Se già l’integrità visiva era sotto pressione (con ritrattazioni legate a manipolazioni di immagini), oggi ci troviamo di fronte a un rischio più profondo: che la scienza visiva diventi simulacro, e non più testimonianza [8–9]. Strumenti come Proofig o ImageTwin, nati per verificare la correttezza delle immagini, sono ormai fondamentali [https://www.proofig.com; https://imagetwin.ai]. Ma nessun algoritmo può sostituire lo sguardo critico di chi conosce davvero la biologia delle strutture.Per questo motivo si moltiplicano gli appelli degli a costruire modelli di governance per l’uso dell’AI in scienza, incentrati sul principio del “human-in-the-loop” [10–11].
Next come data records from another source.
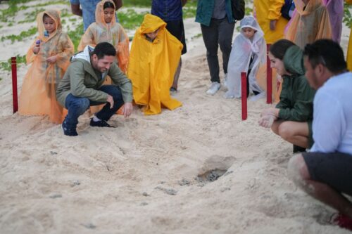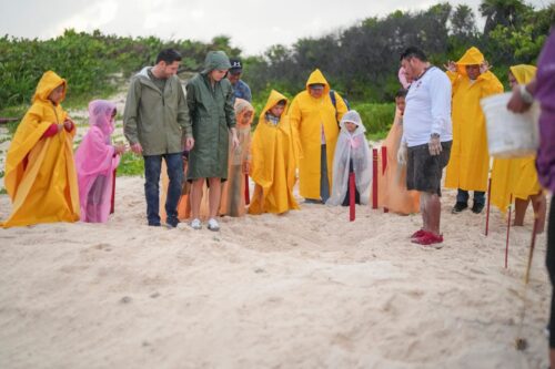 Cozumel, Quintana Roo, 8 de noviembre de 2025.— El presidente del Congreso del Estado y líder del Partido Verde en Quintana Roo, Renán Sánchez Tajonar, junto a su esposa Vale, visitó el Campamento Tortuguero San Martín en la zona oriente de Cozumel, donde participó en la liberación de crías de tortuga marina, reafirmando su compromiso con la conservación ambiental y la educación ecológica en la isla.
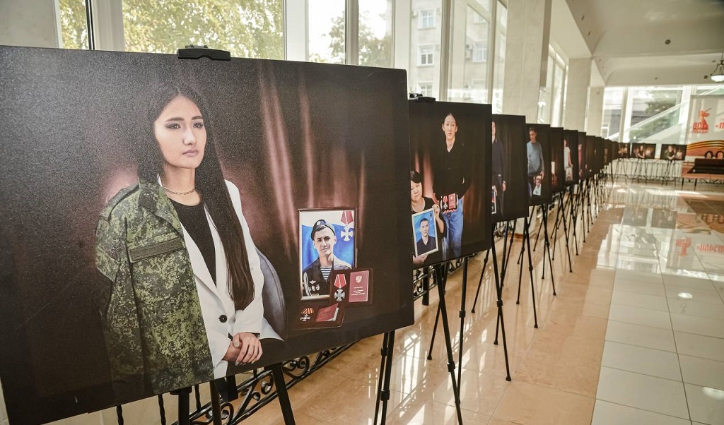 Здесь можно увидеть портреты героев, которые отдали свои жизни за Родину, их матерей, жен, детей. Это инициатива семей погибших воинов общественного объединения «Память».
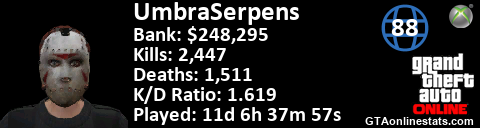 <a href="http://GTAonlinestats.com/showplayer/UmbraSerpens"><img src="http://GTAonlinestats.com/dmsignature/UmbraSerpens/sig.png" alt="UmbraSerpens" border="0" /></a>

Una cultura della visione per il futuro
Di fronte a questi scenari, non bastano più controlli, checklist o software. Serve un cambio di paradigma: ricostruire una cultura della visione che tenga insieme forma, contesto e significato. Una cultura che riconosca che il “vedere” in scienza è un atto cognitivo, situato, interpretativo. Alcune iniziative internazionali vanno in questa direzione: i protocolli di QUAREP-LiMi [https://quarep.org/], i metadati nei repository, i corsi di image ethics.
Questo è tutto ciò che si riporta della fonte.